The cumulative distribution function (CDF)
The mathematical basis for statistics is probability. The cumulative distribution function returns the probability that a value drawn from a given distribution is less than or equal to a given value.
For a continuous distribution, the CDF is the integral of the PDF from the lower range of the distribution (often -∞) to the given value. For example, the CDF of zero for the standard normal is 0.5, because the area under the normal curve to the left of zero is 0.5. For a discrete distribution, the CDF is the sum of the PDF (mass function) for all values less than or equal to the given value.
The CDF of any distribution is a non-decreasing function. For the familiar continuous distributions, the CDF is monotone increasing. For discrete distributions, the CDF is a step function. The following DATA step generates points on the graph of the standard normal CDF:
data cdf; do x = -3 to 3 by 0.1; y = cdf("Normal", x); output; end; x0 = 0; cdf0 = cdf("Normal", x0); output; x0 = 1.645; cdf0 = cdf("Normal", x0); output; run; ods graphics / height=500; proc sgplot data=cdf noautolegend; title "Normal Cumulative Probability"; series x=x y=y; scatter x=x0 y=cdf0; vector x=x0 y=cdf0 /xorigin=x0 yorigin=0 noarrowheads lineattrs=(color=gray); vector x=x0 y=cdf0 /xorigin=-3 yorigin=cdf0 noarrowheads lineattrs=(color=gray); xaxis grid label="x"; yaxis grid label="Normal CDF" values=(0 to 1 by 0.05); refline 0 1/ axis=y; run; |
The graph shows that CDF(0) is 0.5 and CDF(1.645) is 0.95.
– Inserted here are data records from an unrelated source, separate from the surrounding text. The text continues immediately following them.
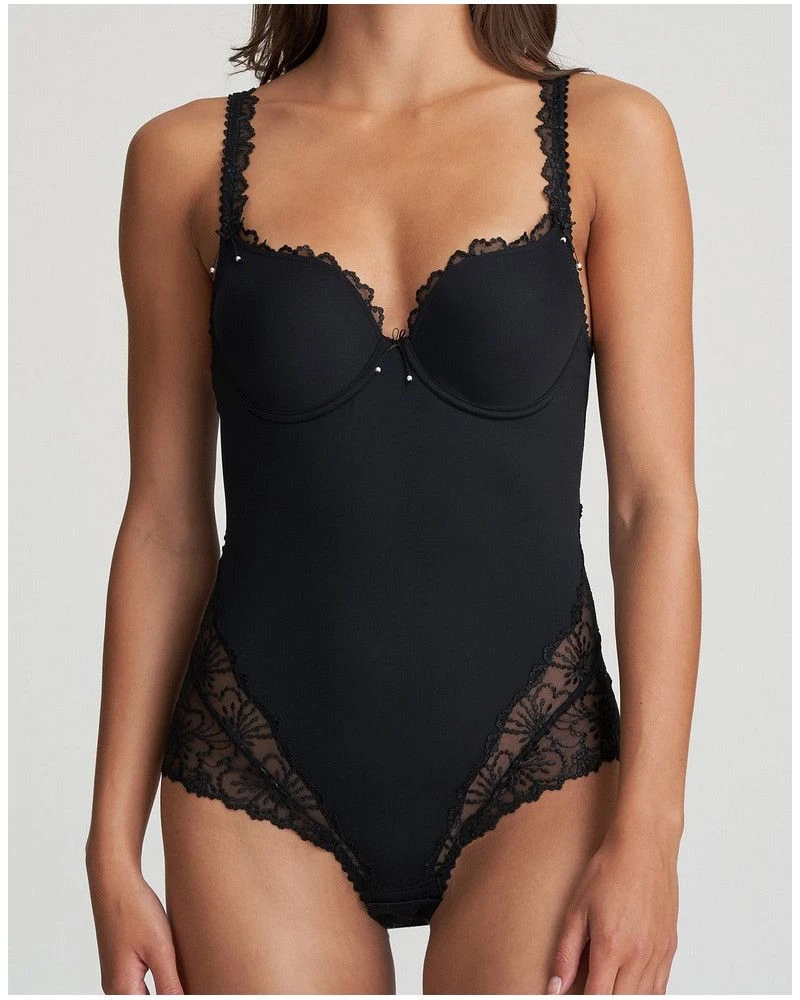 Ce body Marie Jo a une coupe shorty sexy. La broderie se dĂ©ploie gĂ©nĂ©reusement sur les hanches et les fesses. Le bonnet mousse confère un joli galbe rond Ă la poitrine. La ligne de dĂ©colletĂ© est bordĂ©e d’un galon de broderie qui Ă©pouse parfaitement les contours de la poitrine.
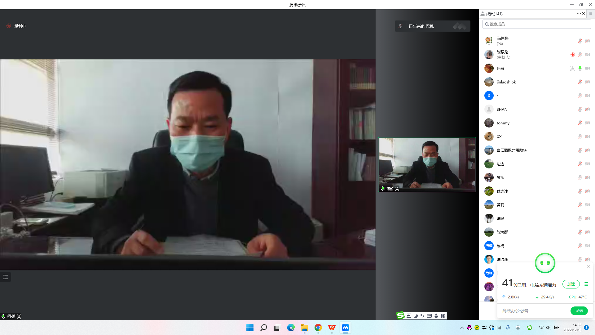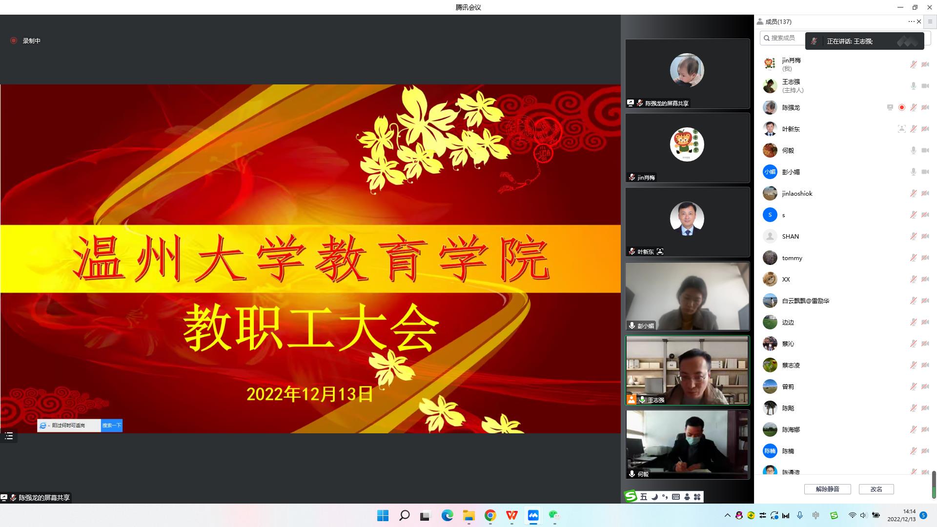何毅书记回顾了本学年的工作概况,全面传达了学校近期关于疫情防控工作的会议精神,并做总结讲话。何毅书记首先对当前学校疫情防控的严峻性做进一步分析,号召全体教职员工深刻领会学校会议精神提出的四点要求,高度认识疫情防控的紧迫性,做好自身健康的第一责任人,全力配合学校学院做好当前有关工作,共同筑牢温大防疫之堤。会议最后,何毅书记从期末教学秩序稳定、学生安全稳定工作、学期末工作总结梳理及新学期工作谋划、寒假科研项目申报及新春慰问等方面对学院当下工作进行部署。
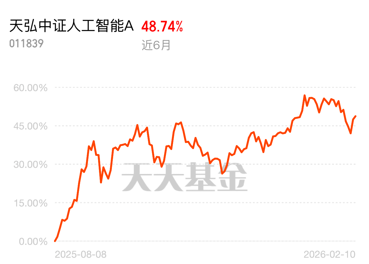 $天弘中证人工智能A$ 近半年涨幅还可以
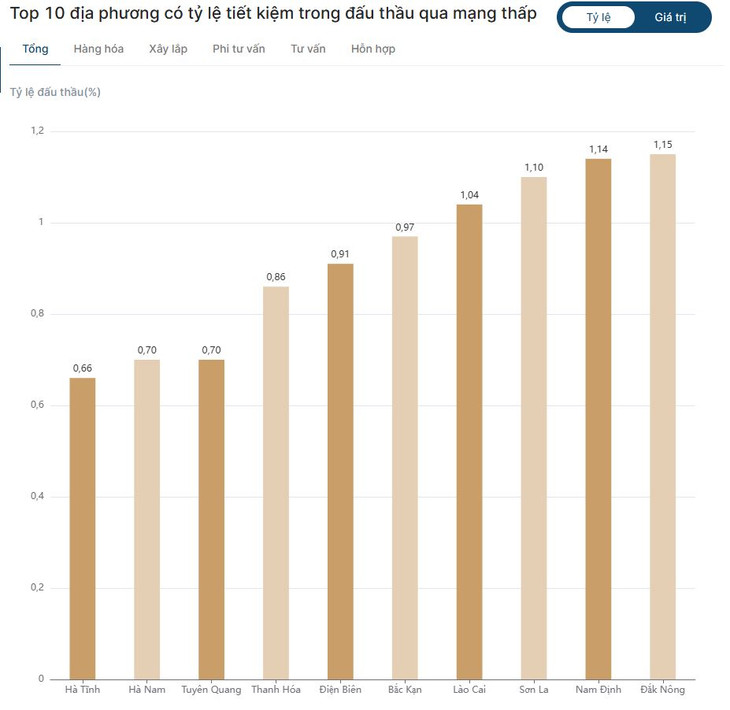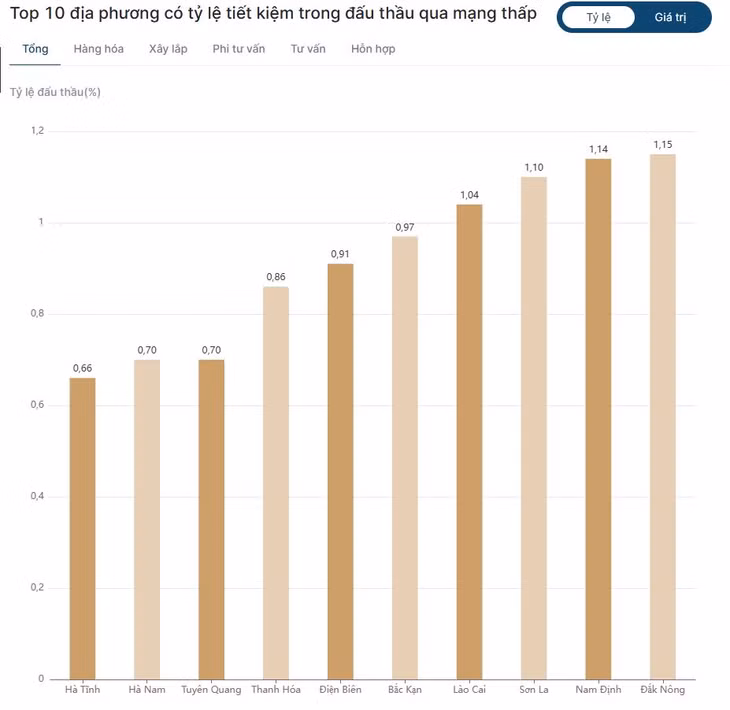 Đến thời điểm 16 giờ 13 ngày 13/11/2024, TOP 5 địa phương có tỷ lệ tiết kiệm trong đấu thầu qua mạng cao là: Đồng Tháp đạt tỷ lệ tiết kiệm 8,64%, Quảng Nam 7,59%, Khánh Hòa 7,51%, Cần Thơ 7,02%, Đà Nẵng 6,56%. Ở thời điểm giữa tháng 10, Trà Vinh cũng lọt vào TOP này.
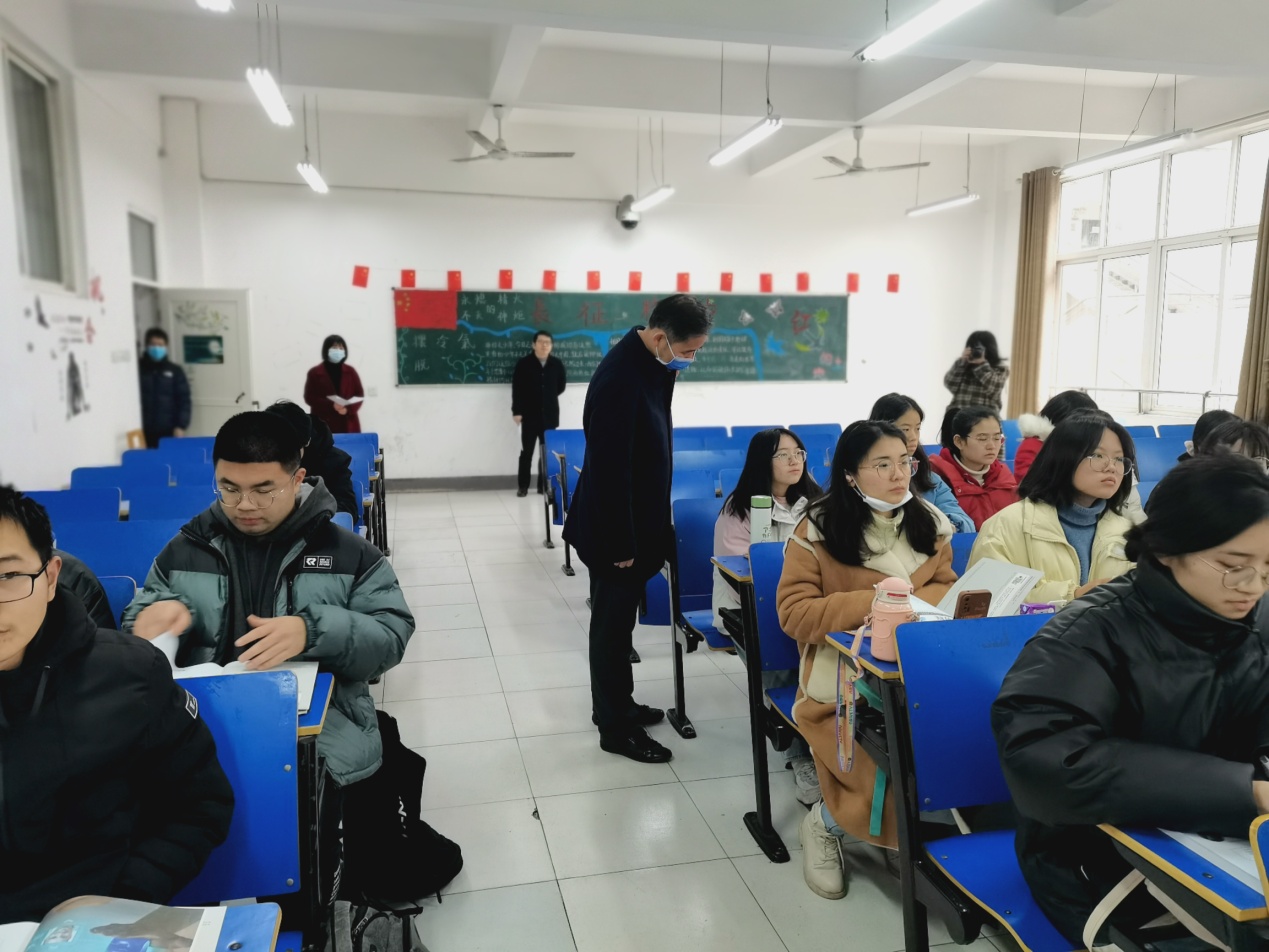 赵伟走访了beat365会员官方网站各教室,亲切问候学生们的寒假生活,仔细查看教师的授课情况和课堂教学要点,关注学生的学习状态,全面把握教情和学情。他对学生们的课堂表现、上课纪律予以表扬,充分肯定了授课老师的精彩讲授。他鼓励同学们好好珍惜大学时光,努力成长成才,最后要求beat365会员官方网站全体教职工增强责任意识,提高工作主动性,为学生学习和生活保驾护航。

The quantile (inverse CDF) function
If the CDF is continuous and strictly increasing, there is a unique answer to the question: Given an area (probability), what is the value, q for which the integral up to q has the specified area? The value q is called the quantile for the specified probability distribution. The median is the quantile of 0.5, the 90th percentile is the quantile of 0.9, and so forth. For discrete distributions, the quantile is the smallest value for which the CDF is greater than or equal to the given probability.
For the standard normal distribution, the quantile of 0.5 is 0, and the 95th percentile is 1.645. You can find a quantile graphically by using the CDF plot: choose a value q between 0 and 1 on the vertical axis, then use the CDF curve to find the value of x whose CDF is q.
Quantiles are used to compute p-values for hypothesis testing. For symmetric distributions, such as the normal distribution, the quantile for 1-α/2 is used to compute two-sided p-values. For example, when α=0.05, the (1-α/2) quantile for the standard normal distribution is quantile("Normal", 0.975), which is the famous number 1.96.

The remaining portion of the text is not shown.